Chedid Marcio F, Chedid Aljamir D
Adult Liver Transplantation Program, Service of General Surgery, Hospital de Clínicas, Federal University of Rio Grande do Sul, Porto Alegre, Brazil.
Int Surg. 2007 Jul-Aug;92(4):198-201.
In 1948, Mirizzi described a syndrome characterized as the obstruction of the common hepatic duct by a stone located in the gallbladder's neck or in the cystic duct. We present a rare case of Mirizzi syndrome resulting from a fistula involving the cystic duct, the neck of the gallbladder, and the right hepatic duct. This finding was possible because the patient had a rare biliary anatomic variation: the insertion of the cystic duct straight in the right hepatic duct. The diagnosis was suggested by abdominal ultrasonography and confirmed by endoscopic retrograde cholangiopancreatography.
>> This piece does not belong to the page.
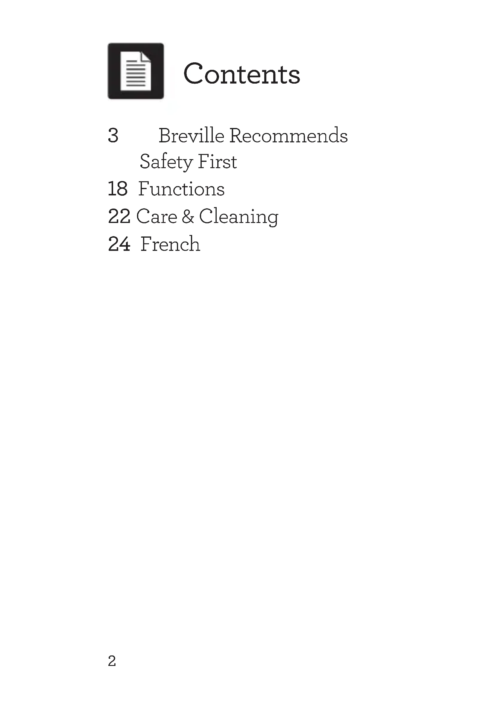 Sous Vide Instruction Book CS10001A & CS20001A2 3 Breville Recommends Safety First 18 Functions 22 Care & Cleaning 24 French Contents3 BREVILLE RECOMMENDS SAFETY FIRST At Breville we are very safety conscious. We design and manufacture consumer products with the safety of you, our valued customer, foremost in mind. In addition, we ask that you exercise a degree of care when using any electrical appliance and adhere to the following precautions.4 IMPORTANT SAFEGUARDS READ ALL INSTRUCTIONS

The surgical approach was performed by means of an open cholecystectomy, common biliary duct exploration using the right hepatic duct and a transduodenal papillotomy, and insertion of a long limb T-tube through the right hepatic duct to drain the common duct. The procedure was successful, and after an 18-month period, the patient is free of symptoms.
1948年,米里齐描述了一种综合征,其特征为位于胆囊颈部或胆囊管的结石阻塞肝总管。我们报告一例罕见的米里齐综合征,其病因是瘘管累及胆囊管、胆囊颈部和右肝管。这一发现之所以成为可能,是因为该患者存在一种罕见的胆道解剖变异:胆囊管直接插入右肝管。腹部超声检查提示了诊断,并经内镜逆行胰胆管造影术得以证实。手术方法采用开腹胆囊切除术、经右肝管进行胆总管探查及经十二指肠乳头切开术,并通过右肝管插入一根长肢T形管以引流胆总管。手术成功,18个月后,患者无症状。